Collected data:
══════════════════════════════
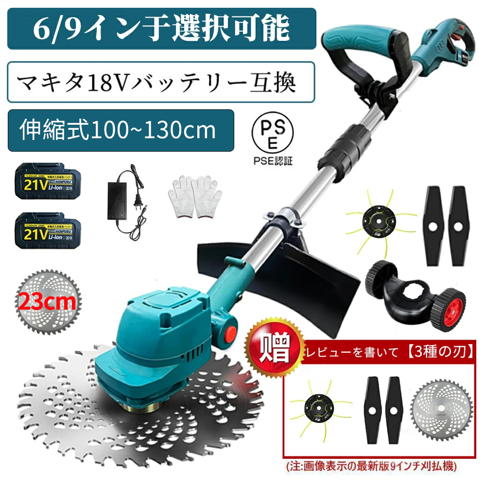 即納 草刈機 充電式 電動 草刈り機 コードレス 伸縮式 角度調整 替刃14枚付き マキタバッテリー互換 芝刈り機 刈払機 枝切り 女性 安全 軽量 4種類替刃 2025年
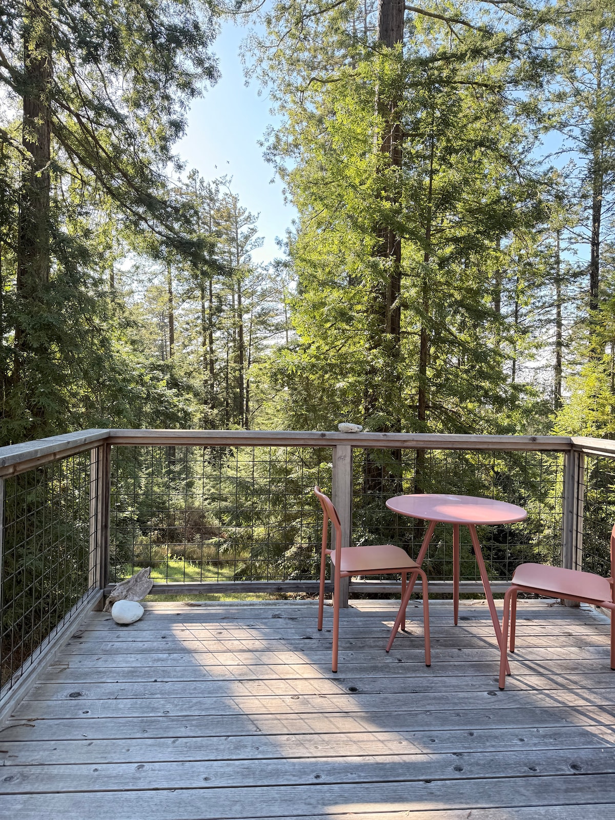 Eagle's Nest Treehouse Farm Stay is a tranquil, secluded, luxurious, romantic wilderness experience in a private forest on a 400 acre working ranch. Thirty feet above the forest floor you are nestled in a gorgeous, well-appointed suite of 1,000 year old polished redwood, with bathroom and amazing copper/glass forest-view shower. Explore hiking trails through the forest and learn about ranch operations (Highland cattle, goats and ducks). See guest comments in the space description.
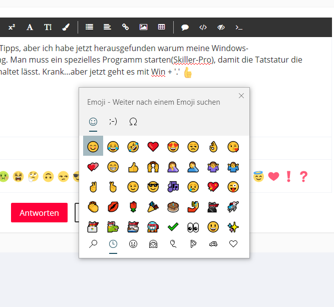 @Andreas&milupo : Danke euch beiden für die zusätzlichen Tipps, aber ich habe jetzt herausgefunden warum meine Windows-Taste bei meiner Sharkoon-Tastatur nicht mehr ging. Man muss ein spezielles Programm starten (Skiller-Pro), damit die Tatstatur die Windows-Taste für das ausgewählte Profil eingeschaltet lässt. Krank...aber jetzt geht es mit Win + '.' ![]()
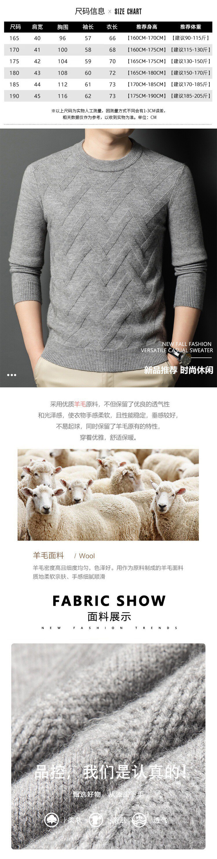 순수 스웨터 남자 9 핀 두꺼운 따뜻한 크루 넥 스웨터 가을과 겨울 캐주얼 솔리드 컬러 자카드베이스 스웨터스토어 가기
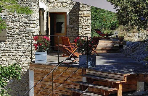 You will stay in absolute tranquillity in this tastefully restored mazet with its 55 sqm wooden terrace. The cosy cottage is located at the top of a historic stone village on the southern slope of the wooded ridge La Lance. From here you can hike on signposted trails up to the 1350 m high summit (5 km). The wooded hill behind your terrace offers beautiful views of the sunset valley of the Enclave des Papes, where lavender and wine thrive. In low season, a lovely wood-burning stove in the large living room spreads a pleasant warmth. The Drôme Provençale region, which has largely been spared the tourist crowds of the southern French coastal regions, is an insider's tip for anyone looking for a special ambience in magnificent nature. Characterised by lavender and olive cultivation, evergreen forests, rugged rock formations and gorges, this area is ideal for hiking and mountain biking. In the sleepy village of Le Pègue, which in Roman times was on a trade route from Marseille to Lyon, excavations have unearthed finds of Greek pottery, which you can now discover in the local museum.
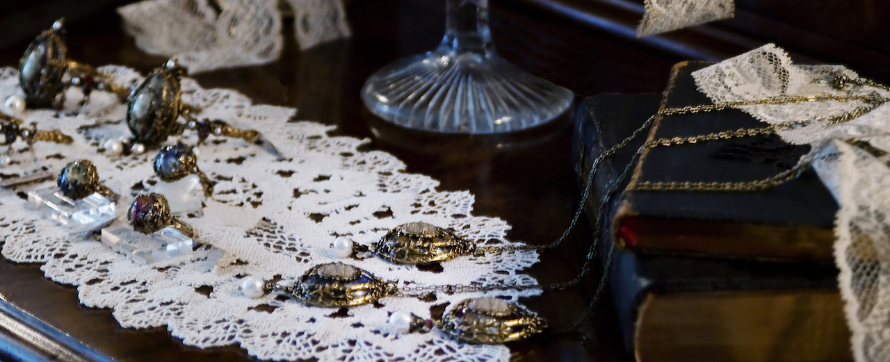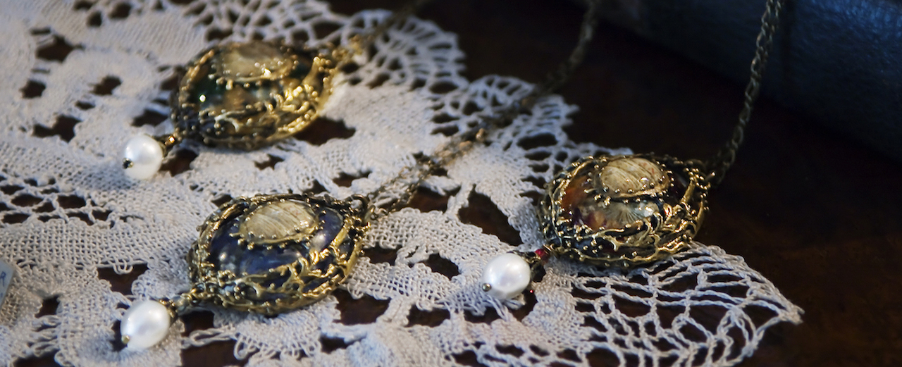 長い年を経て幾重にも物語を纏った古いアクセサリー、見つめいていると幻想的な世界に惹きつけられます。
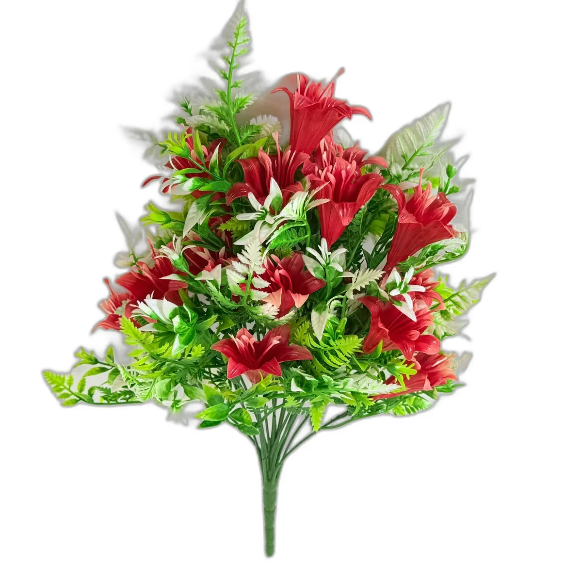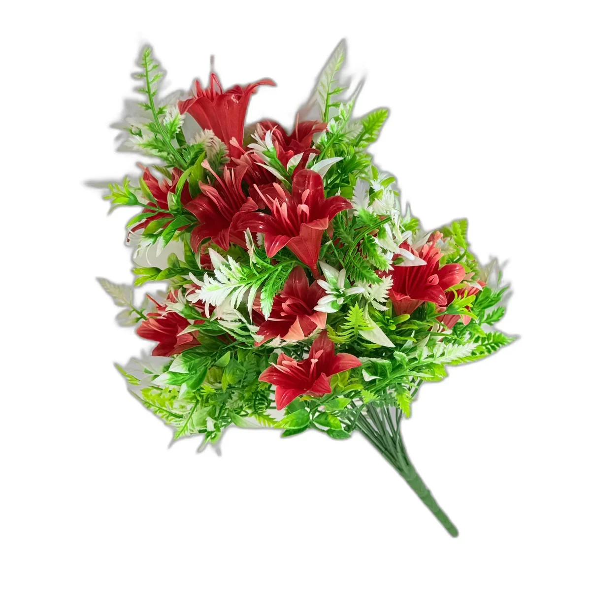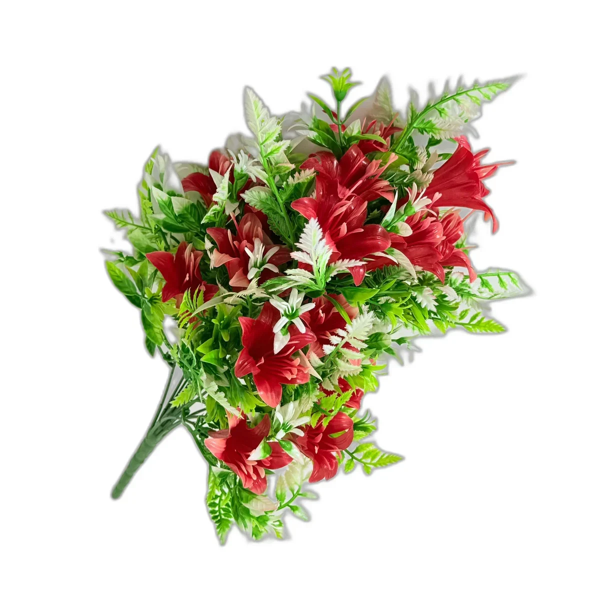 Comanda acum buchetul de flori artificiale rosii si verzi si ofera un decor elegant, durabil si fara grija intretinerii!
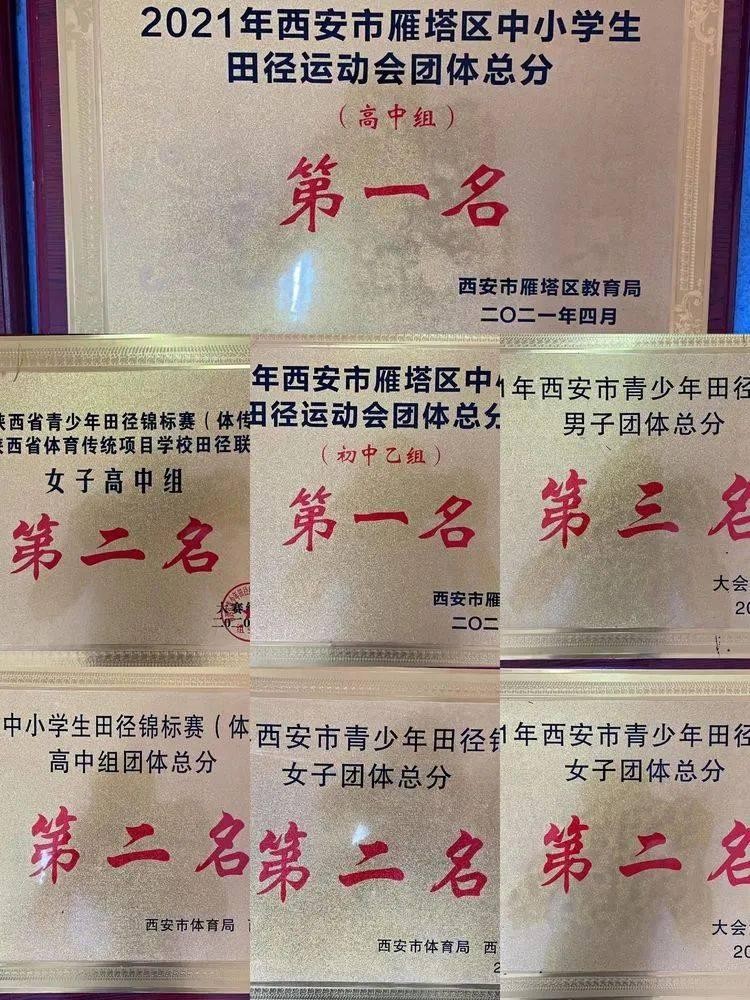 学校拥有标准的400米国家一类田径比赛场地,体育用房充足,体育设施完备,天然草坪完善,标准的链球、标枪等长投项目场地,在整个陕西省中学里拥有独一无二的条件。完全能满足各项体育项目的训练需要。
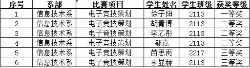 电子竞技策划内容不仅要表现专业特色,还要体现家国情怀。比赛现场,参赛选手用PPT详细介绍了自己策划方案的初衷、想法、主题以及具体内容。比赛过程展示了我校学生扎实的专业技能和较强的语言表达能力,赢得了评委的好评。最终比赛结果如下:
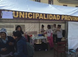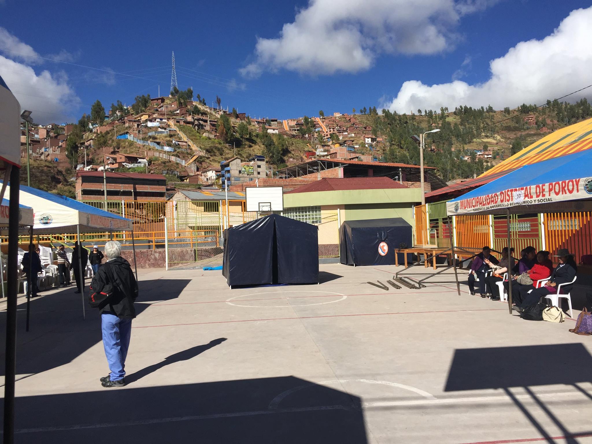 This translates as: “No food or drink for a half hour please.” We’ve been practicing this phrase mucho! Tuesday’s mission was spent in a municipality named Poroy, 20 minutes away from Cusco by bus. Since the schools were involved in organizing this event, many more children were seen this day than Monday. Over 100 fluoride treatments were done for the children of Poroy.
══════════════════════════════
**What you are asked to do**.
Take the entries above and copy exactly the lines starting at the one with "Eagle's Nest Treehouse" and ending at the one with "学校拥有标准的400米国家一"; nothing outside that span, and no pictures.

**Written answer**.
 Eagle's Nest Treehouse Farm Stay is a tranquil, secluded, luxurious, romantic wilderness experience in a private forest on a 400 acre working ranch. Thirty feet above the forest floor you are nestled in a gorgeous, well-appointed suite of 1,000 year old polished redwood, with bathroom and amazing copper/glass forest-view shower. Explore hiking trails through the forest and learn about ranch operations (Highland cattle, goats and ducks). See guest comments in the space description.
 @Andreas&milupo : Danke euch beiden für die zusätzlichen Tipps, aber ich habe jetzt herausgefunden warum meine Windows-Taste bei meiner Sharkoon-Tastatur nicht mehr ging. Man muss ein spezielles Programm starten (Skiller-Pro), damit die Tatstatur die Windows-Taste für das ausgewählte Profil eingeschaltet lässt. Krank...aber jetzt geht es mit Win + '.' ![]()
 순수 스웨터 남자 9 핀 두꺼운 따뜻한 크루 넥 스웨터 가을과 겨울 캐주얼 솔리드 컬러 자카드베이스 스웨터스토어 가기
 You will stay in absolute tranquillity in this tastefully restored mazet with its 55 sqm wooden terrace. The cosy cottage is located at the top of a historic stone village on the southern slope of the wooded ridge La Lance. From here you can hike on signposted trails up to the 1350 m high summit (5 km). The wooded hill behind your terrace offers beautiful views of the sunset valley of the Enclave des Papes, where lavender and wine thrive. In low season, a lovely wood-burning stove in the large living room spreads a pleasant warmth. The Drôme Provençale region, which has largely been spared the tourist crowds of the southern French coastal regions, is an insider's tip for anyone looking for a special ambience in magnificent nature. Characterised by lavender and olive cultivation, evergreen forests, rugged rock formations and gorges, this area is ideal for hiking and mountain biking. In the sleepy village of Le Pègue, which in Roman times was on a trade route from Marseille to Lyon, excavations have unearthed finds of Greek pottery, which you can now discover in the local museum.
 長い年を経て幾重にも物語を纏った古いアクセサリー、見つめいていると幻想的な世界に惹きつけられます。
 Comanda acum buchetul de flori artificiale rosii si verzi si ofera un decor elegant, durabil si fara grija intretinerii!
 学校拥有标准的400米国家一类田径比赛场地,体育用房充足,体育设施完备,天然草坪完善,标准的链球、标枪等长投项目场地,在整个陕西省中学里拥有独一无二的条件。完全能满足各项体育项目的训练需要。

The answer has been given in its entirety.